• PROBLEM TO WORK ON:
Record by record, write out the listing word for word while omitting pictures.

• DATA LISTING:
=== Section Start ===

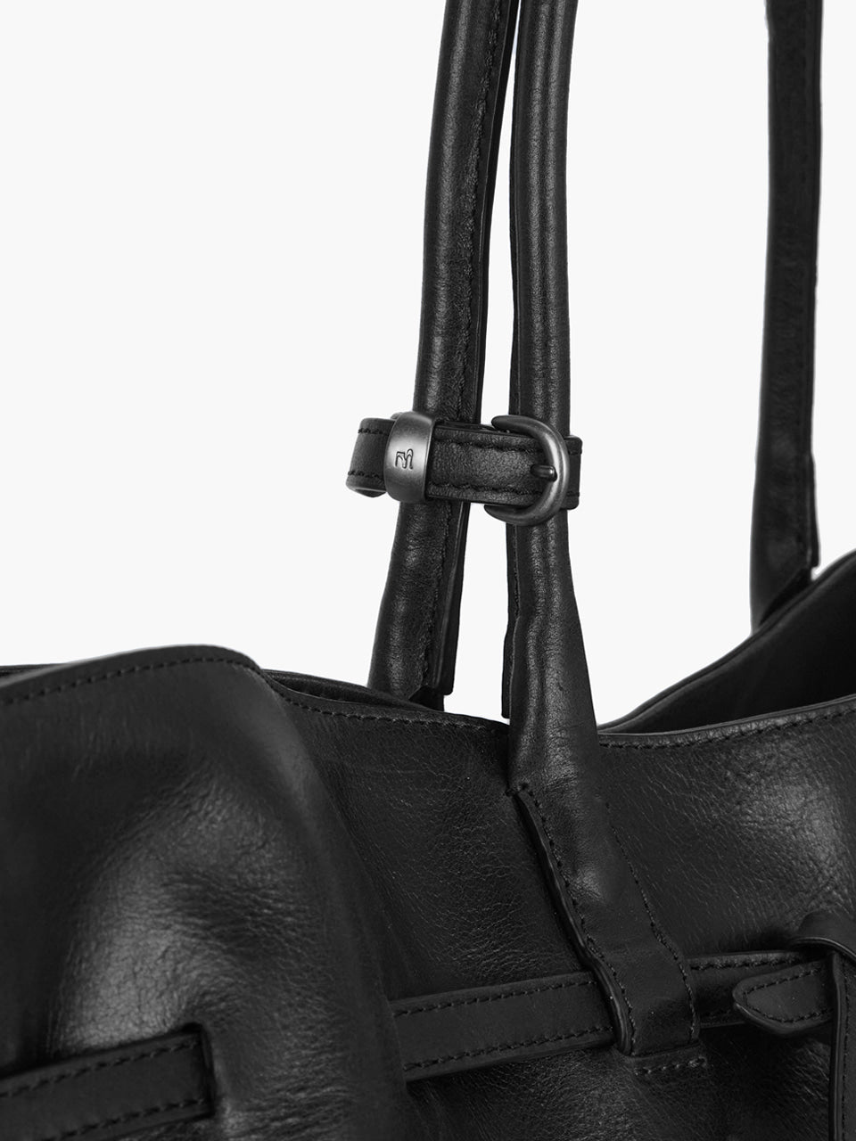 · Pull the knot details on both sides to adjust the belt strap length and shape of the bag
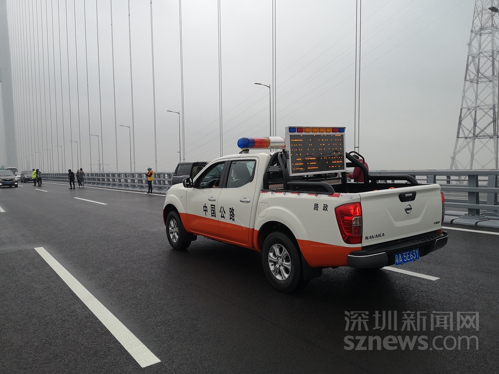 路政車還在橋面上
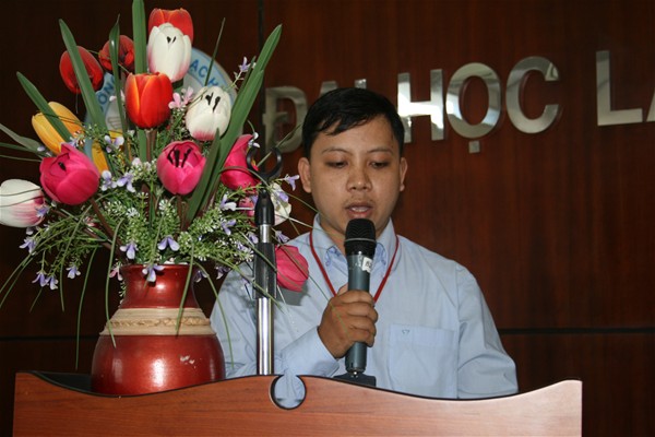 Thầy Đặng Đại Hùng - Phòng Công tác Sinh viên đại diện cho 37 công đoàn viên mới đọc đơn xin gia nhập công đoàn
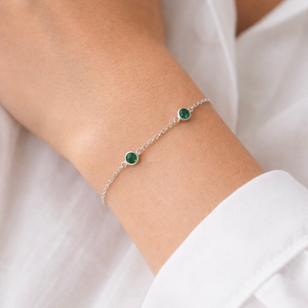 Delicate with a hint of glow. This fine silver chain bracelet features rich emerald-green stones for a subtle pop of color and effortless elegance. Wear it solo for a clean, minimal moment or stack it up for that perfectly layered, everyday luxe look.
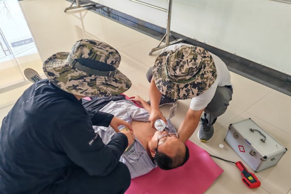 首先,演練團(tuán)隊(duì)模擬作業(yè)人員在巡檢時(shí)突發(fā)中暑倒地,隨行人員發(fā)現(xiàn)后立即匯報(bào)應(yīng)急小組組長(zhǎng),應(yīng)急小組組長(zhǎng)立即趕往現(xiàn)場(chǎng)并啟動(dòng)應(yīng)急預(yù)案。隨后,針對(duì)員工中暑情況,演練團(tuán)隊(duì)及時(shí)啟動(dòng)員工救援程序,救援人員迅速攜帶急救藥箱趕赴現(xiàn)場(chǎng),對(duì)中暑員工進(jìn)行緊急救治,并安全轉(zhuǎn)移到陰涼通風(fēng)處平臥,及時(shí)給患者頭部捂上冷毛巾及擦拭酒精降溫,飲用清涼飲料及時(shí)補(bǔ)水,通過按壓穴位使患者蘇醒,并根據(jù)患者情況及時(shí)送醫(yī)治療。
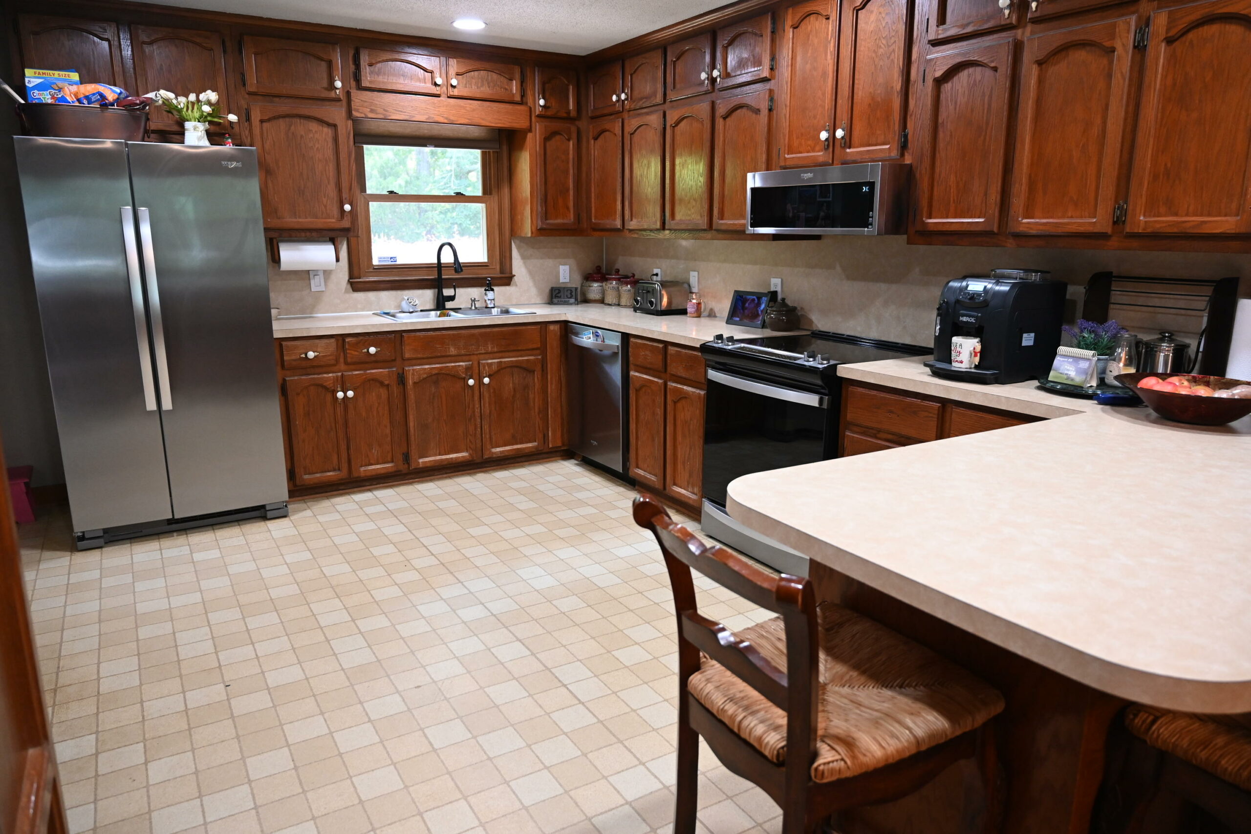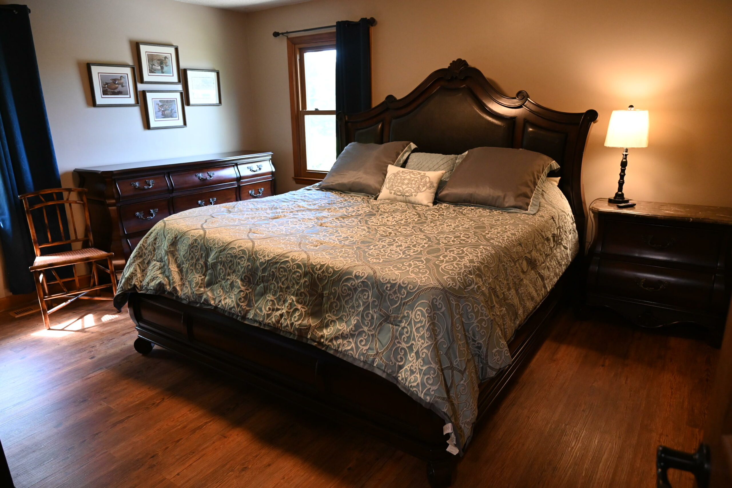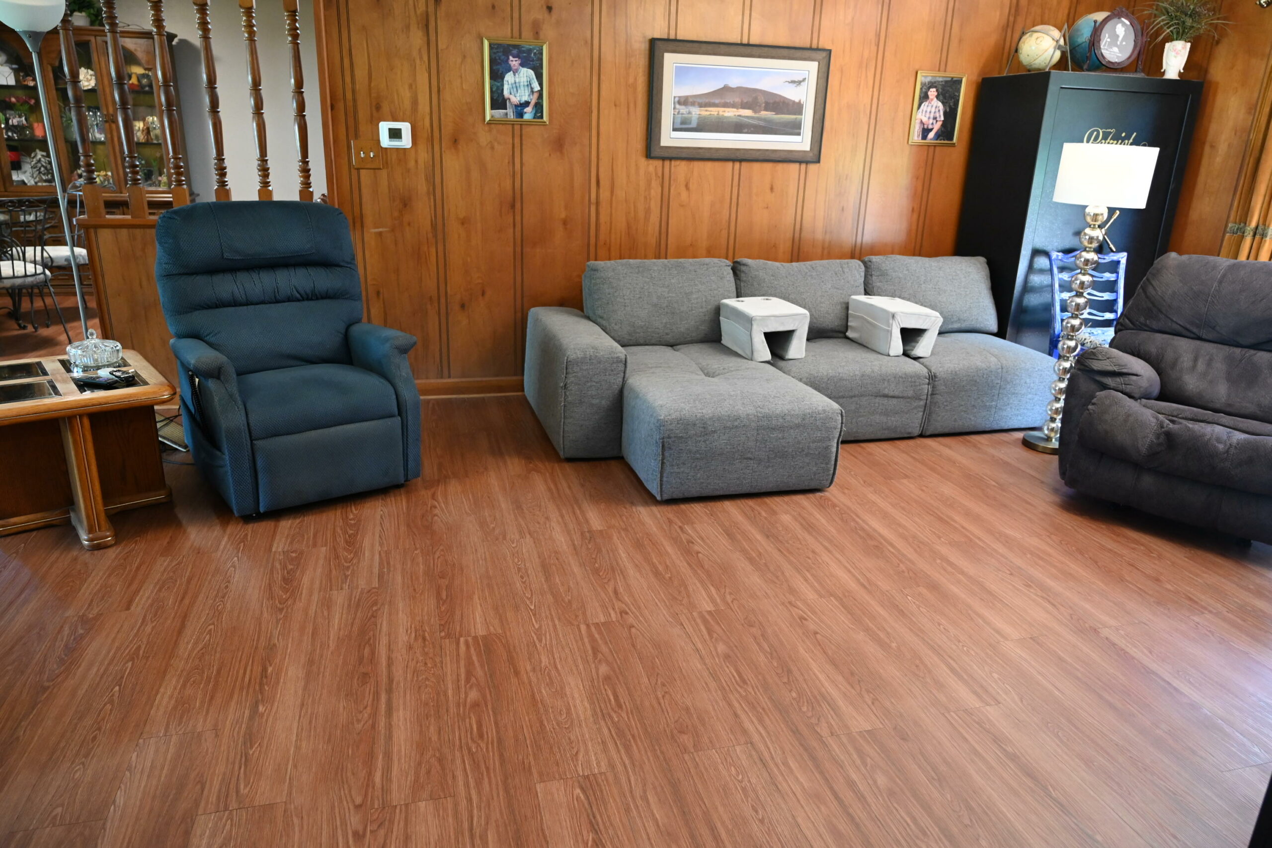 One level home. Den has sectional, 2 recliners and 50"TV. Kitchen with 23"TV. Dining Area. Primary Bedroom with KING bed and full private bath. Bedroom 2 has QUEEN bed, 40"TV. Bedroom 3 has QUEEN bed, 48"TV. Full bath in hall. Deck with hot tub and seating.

=== Section End ===

• OUTPUT:
 · Pull the knot details on both sides to adjust the belt strap length and shape of the bag
 路政車還在橋面上
 Thầy Đặng Đại Hùng - Phòng Công tác Sinh viên đại diện cho 37 công đoàn viên mới đọc đơn xin gia nhập công đoàn
 Delicate with a hint of glow. This fine silver chain bracelet features rich emerald-green stones for a subtle pop of color and effortless elegance. Wear it solo for a clean, minimal moment or stack it up for that perfectly layered, everyday luxe look.
 首先,演練團(tuán)隊(duì)模擬作業(yè)人員在巡檢時(shí)突發(fā)中暑倒地,隨行人員發(fā)現(xiàn)后立即匯報(bào)應(yīng)急小組組長(zhǎng),應(yīng)急小組組長(zhǎng)立即趕往現(xiàn)場(chǎng)并啟動(dòng)應(yīng)急預(yù)案。隨后,針對(duì)員工中暑情況,演練團(tuán)隊(duì)及時(shí)啟動(dòng)員工救援程序,救援人員迅速攜帶急救藥箱趕赴現(xiàn)場(chǎng),對(duì)中暑員工進(jìn)行緊急救治,并安全轉(zhuǎn)移到陰涼通風(fēng)處平臥,及時(shí)給患者頭部捂上冷毛巾及擦拭酒精降溫,飲用清涼飲料及時(shí)補(bǔ)水,通過按壓穴位使患者蘇醒,并根據(jù)患者情況及時(shí)送醫(yī)治療。
 One level home. Den has sectional, 2 recliners and 50"TV. Kitchen with 23"TV. Dining Area. Primary Bedroom with KING bed and full private bath. Bedroom 2 has QUEEN bed, 40"TV. Bedroom 3 has QUEEN bed, 48"TV. Full bath in hall. Deck with hot tub and seating.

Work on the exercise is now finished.